Leaves are the main photosynthesizing organ in the plant, so increasing the leaf surface index creates a sufficient physiological source to use the received light as much as possible and provide the growth materials necessary to fill the seed and increase the yield (Maleki et al., 2020). The severe decrease in yield and its components under severe drought stress conditions can be attributed to the severe reduction in photosynthesis and the cessation of chlorophyll formation, the decrease in the activity of nitrate-reducing enzymes, and the increase of hydrolyzing enzymes (Maleki et al., 2020). Drought stress causes a significant reduction in the growth process, yield components, dry matter, and quantitative and qualitative yield in different types of dry crops. Researchers have stated that drought stress causes yield reduction in crops such as wheat 64%, barley 50%, corn 63-87%, rice 53-92%, soybean 46-71%, peas 55-65%, and sunflower 60%. percentage (Hussain et al., 2019). The availability of nutrients in the soil decreases under the influence of drought stress. Therefore, the effect of stress on each of the constituents of crop plant performance can lead to a decrease in yield, and in the absence of sufficient water, not only the growth of the plant decreases due to the lack of water, but also due to the lack of absorption of available nutrients (Ezati et al., 2020). 

 

The role of biochar in the growth and development of plants under drought stress conditions

There are many studies reporting that biochar increases plant productivity, with an average yield of 10%42% (Joseph et al., 2021), though adverse effects have also been reported (Jeffery et al., 2017; Macdonald et al., 2014; Ye et al., 2020).

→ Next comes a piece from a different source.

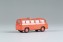 Goliath Express 1100 Luxusbus hellkoralle Dach offen - Goliath Express 1100 Fertigmodell mit detaillierter Bedruckung. Der Goliath Express 1100 Luxusbus wurde als das Topmodell der gesamten Express-Baureihe angeboten. Er basierte in seiner Grundstruktur auf dem Kombi, unterschied sich aber in vielen Ausstattungsdetails von diesem. Das auffälligste Merkmal war wohl die großzügige Rundumverglasung. Ergänzend zur großen, gewölbten Frontscheibe hatte der Luxusbus links und rechts insgesamt zehn Seitenfenster und zur ohnehin schon breiten Heckscheibe kamen hinten zwei Eckfenster hinzu. Weitere acht Dachfenster erhellten den Innenraum noch mehr und ermöglichten während der Fahrt einen schönen Blick nach oben. Bei der Entwicklung des Fahrzeuges hat man besonderes Augenmerk daraufgelegt, für die Innenausstattung einen zeitgemäßen Luxus umzusetzen. So verfügten alle Sitze über weiche, mit farbigem Kunstleder überzogene Vollpolster. Und selbst kleinen Annehmlichkeiten für eine bequeme Reise, wie z. B. Kleiderhaken, Ascher, Gepäcknetze, eine Innenraumbeleuchtung und Halteschlaufen gehörten hier zur Serienausstattung. Zusätzlich liegen dem maßstäblichen Modell Kennzeichen und Rückspiegel zur Selbstmontage bei. 52 x 20 x 21 mm
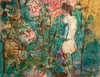ROGNONI Franco (Milano 1913 - Milano 1999) Susanna e i vecchioni tecnica mista su tavola cm. 34 x 41 Titolo 'Susanna e i vecchioni' (in basso a sinistra); firma 'Rognoni F' (in basso a destra) Firma 'Rognoni F, opera mia, Franco Rognoni' (al retro) Autentica dell'artista su fotografia

The researchers found that biochar incorporation prevented soybean seedlings from being negatively affected by water deficit conditions (Gullap et al., 2022). Researchers have also reported that biochar applications increase soil water content at field capacity (Abel et al., 2013) and influence soil water and nutrient retention. In several plants grown under drought, biochar applications from different sources have been shown to positively affect plant growth and yield (Agbna et al., 2017; Langeroodi et al., 2019; Li et al., 2020). Biochar amendment improved soil physical and chemical properties and plant nutrient availability to alleviate drought stress on crop growth and yield (Trupiano et al., 2017). Chlorophyll content in different crops is mitigated by biochar amendments (Youssef et al., 2018; Zhang et al., 2020). It has also been reported that biochar enhances photosynthetic activity. According to Kammann and Graber (2015), increased soil water holding capacity, porous structure, and high biochar surface area are all contributing factors to the increased chlorophyll content of soybean leaves under drought stress.

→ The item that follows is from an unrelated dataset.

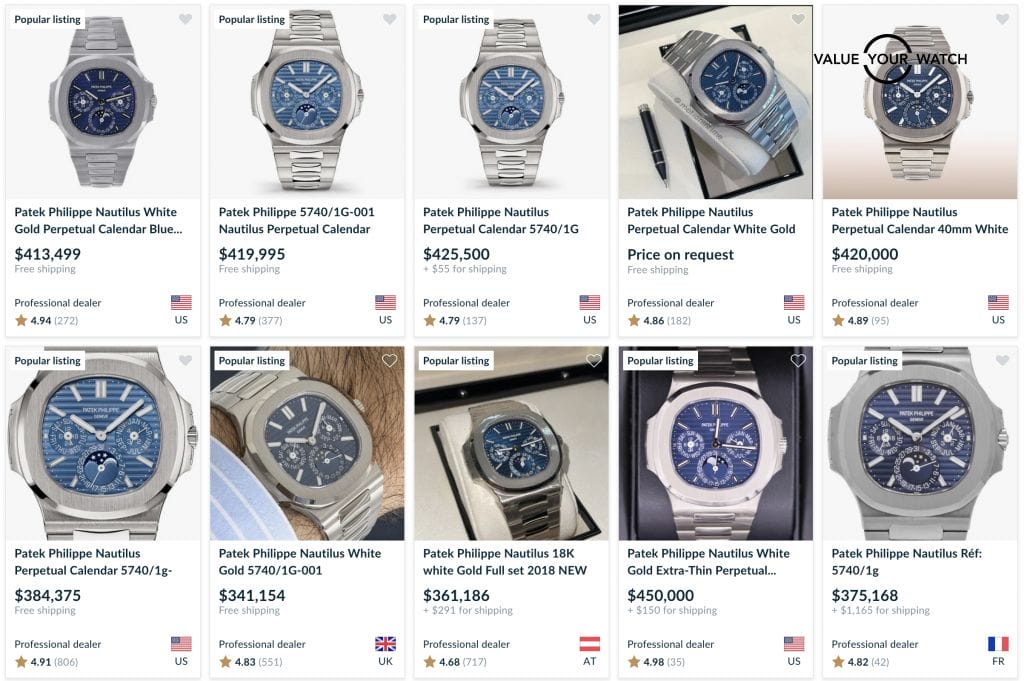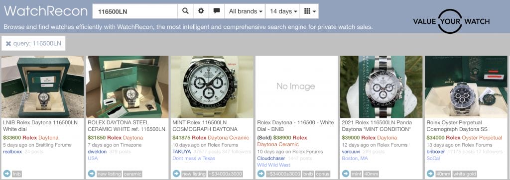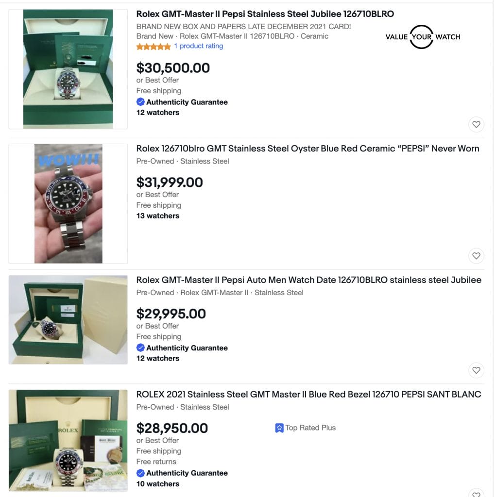 The main sources for pricing data are Chrono24, eBay, and Watch Recon.

Under drought stress conditions, biochar has been reported to improve crop growth and yield (Akhtar et al., 2015; Ramzani et al., 2017). Akhtar et al. (2015) showed that biochar significantly enhances tomato leaf water use efficiency, stomatal conductance, chlorophyll content, and photosynthesis under drought conditions. Moreover, quinoa grown under water-scarce conditions performed better in terms of growth, soil water content, water use efficiency, leaf water potential, photosynthesis, and transpiration when amended with biochar (Kammann and Graber, 2015). In crops, biochar application strengthens the defense mechanism against drought by increasing the activity of protective enzymes and electron transfer, thus minimizing the damage caused by drought on the photosynthetic apparatus (Lyu et al., 2016).

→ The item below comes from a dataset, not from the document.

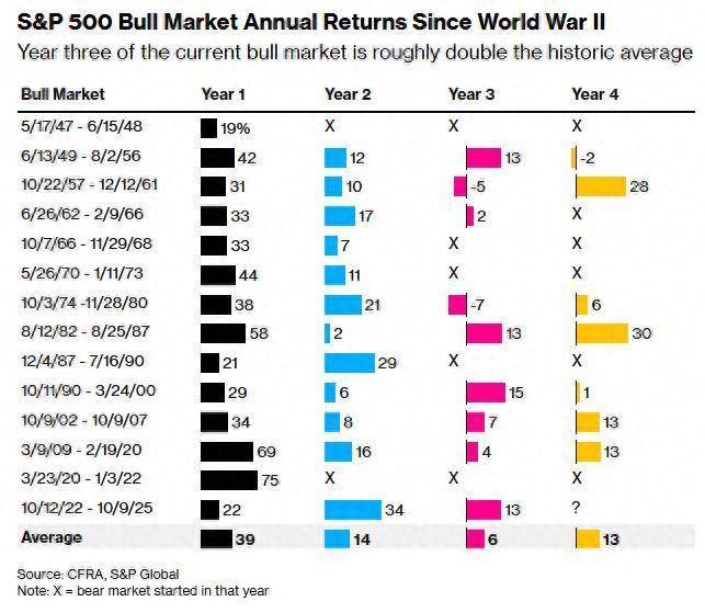 自二战以来,好意思国共有13轮牛市,其中7轮赓续到了第四年,平均累计涨幅为88%。而面前这轮牛市仅用三年本领便险些实现了这一水平,使得标普500的畴昔市盈率达到25倍——这是历次牛市第三年中的最高水平。CFRA首席投资策略师、华尔街资深东谈主士Sam Stovall暗意:“我从未见过这么的情况。”

A lack of water and poor soil fertility have been identified as critical factors affecting crop production (Ray et al., 2013; Faloye et al., 2019). It is therefore becoming increasingly crucial for scientists to develop strategies that improve the chemical and physical properties of soils in areas with low soil fertility, improve soil water retention, and improve plant water use efficiency (Oki and Kanae, 2006; Faloye et al., 2019). Biochar increases soil water retention and available water capacity (Novak et al., 2009; Ajayi and Horn, 2016). It usually occurs in soils with coarse textures or soils with large macropores, although the amount of biochar required to increase water retention varies with soil types (Glaser et al., 2002). Based on a meta-analysis, biochar generally increases available plant water by 28.5%, but its positive effects are primarily observed on coarse-textured soils (Edeh et al., 2022). This finding is supported by Razzaghi et al. (2020) and Blanco-Canqui (2017). It has also been shown that biochar's effectiveness varies based on location, application rate, soil type, and biochar feed (Jeffery et al., 2011, 2017; Akhtar et al., 2014; Martí et al., 2021). It has been suggested that biochar may increase crop productivity by conserving more water from rainfall in dry areas whereas less water needs to be irrigated in irrigated areas (Haddad et al., 2022). According to Novak et al. (2012) and Liu et al. (2021a, b), biochar improved the water relations of semi-arid soils. Consequently, combining biochar with limited irrigation strategies can lower water consumption while increasing crop productivity (Haddad et al., 2022).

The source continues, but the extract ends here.